PS: I am connecting to the db via pythons sqlite3 library and use the following code
def select_articles_by_year_and_sources(self, year, sources=None):
cur = self.conn.cursor()
rows = cur.execute(select_articles_by_year_and_sources_query.format(year, sources))
return iter(ResultIterator(rows))
conn = db.NewsDb(path_db) # connect to database
articles = list(conn.select_articles_by_year_and_sources(year, sources))
conn.close()
I just tried copying a 8GB file from the attach volume to my VM. It took 2m and 30sec with the bash cp command. I guess that means the bandwidth to the attached volume is quite slow?
如果你对这篇内容有疑问,欢迎到本站社区发帖提问 参与讨论,获取更多帮助,或者扫码二维码加入 Web 技术交流群。

绑定邮箱获取回复消息
由于您还没有绑定你的真实邮箱,如果其他用户或者作者回复了您的评论,将不能在第一时间通知您!
发布评论
评论(1)
您的查询计划表明,条款年和
source
- 正在使用条款中的两个列上的索引,因此您可能不会能够加快速度。但是,有可能取决于数据的分布,而不是在文章(source,source)

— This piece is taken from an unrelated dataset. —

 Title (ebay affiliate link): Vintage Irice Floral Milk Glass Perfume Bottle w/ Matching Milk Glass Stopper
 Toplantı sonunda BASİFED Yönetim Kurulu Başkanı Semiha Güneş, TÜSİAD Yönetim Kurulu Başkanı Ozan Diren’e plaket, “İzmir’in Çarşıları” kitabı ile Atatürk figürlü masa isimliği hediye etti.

上使用索引,一个在articles(source,year)上
可能通过更快地修剪更多的行来更好。您可以尝试添加该新索引,然后运行
分析>分析>分析
在数据库中生成有关SQLite用来选择其认为会更好的索引的统计信息的统计信息。检查解释查询计划
输出之后,查看其是在使用新索引还是在旧索引上,然后删除任何索引(或使用新索引,在实践中是否较慢,掉下那个)。另一个选项是使用“ nofollow noreferrer”> sqlite 3命令行计划的
expert> .. expert> .. expert> .. expert> .. expert
>为查询生成索引建议,以查看在这种情况下的索引。
Your query plan shows that the index on the two columns in your
WHERE
clause -year
andsource
- is being used, so you might not be able to speed it up. It's possible, though, that depending on the distribution of your data, instead of having an index onarticles(year, source)

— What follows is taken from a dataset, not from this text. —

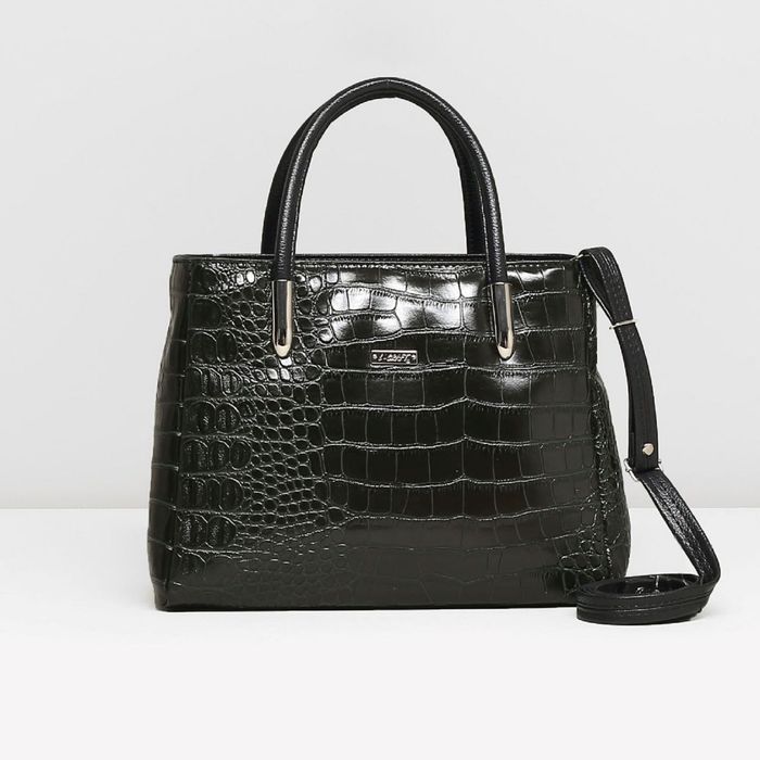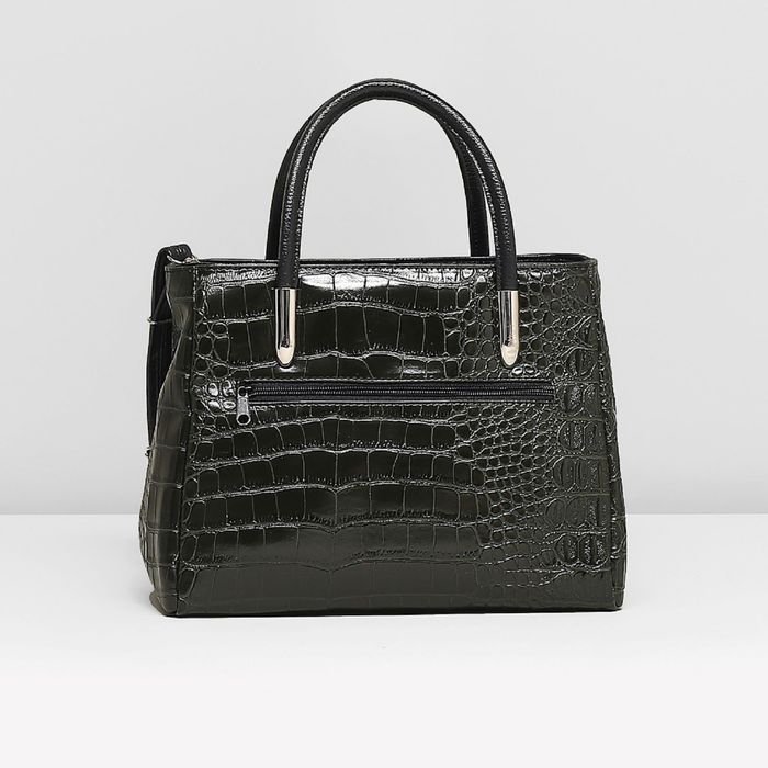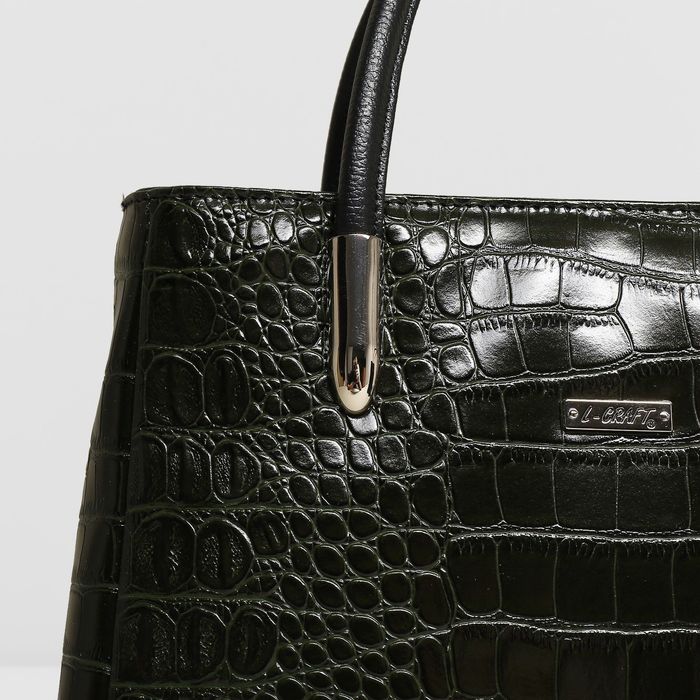 Сумка женская на молнии, 1 отдел, наружный карман, крокодил, цвет тёмно-зелёный

, one onarticles(source, year)
might be better by pruning out more rows faster.You can try adding that new index, and then running an
ANALYZE
on the database to generate statistics about the indexes that SQLite uses to pick which of several possible indexes it thinks will work better. Check theEXPLAIN QUERY PLAN
output after to see if it's using the new index or still on the old one, and then drop whichever index isn't being used (Or if it's slower in practice with the new index, drop that one).Another option is using the sqlite3 command line program's
.expert
command, which generates index suggestions for queries, to see what it comes up with in this case.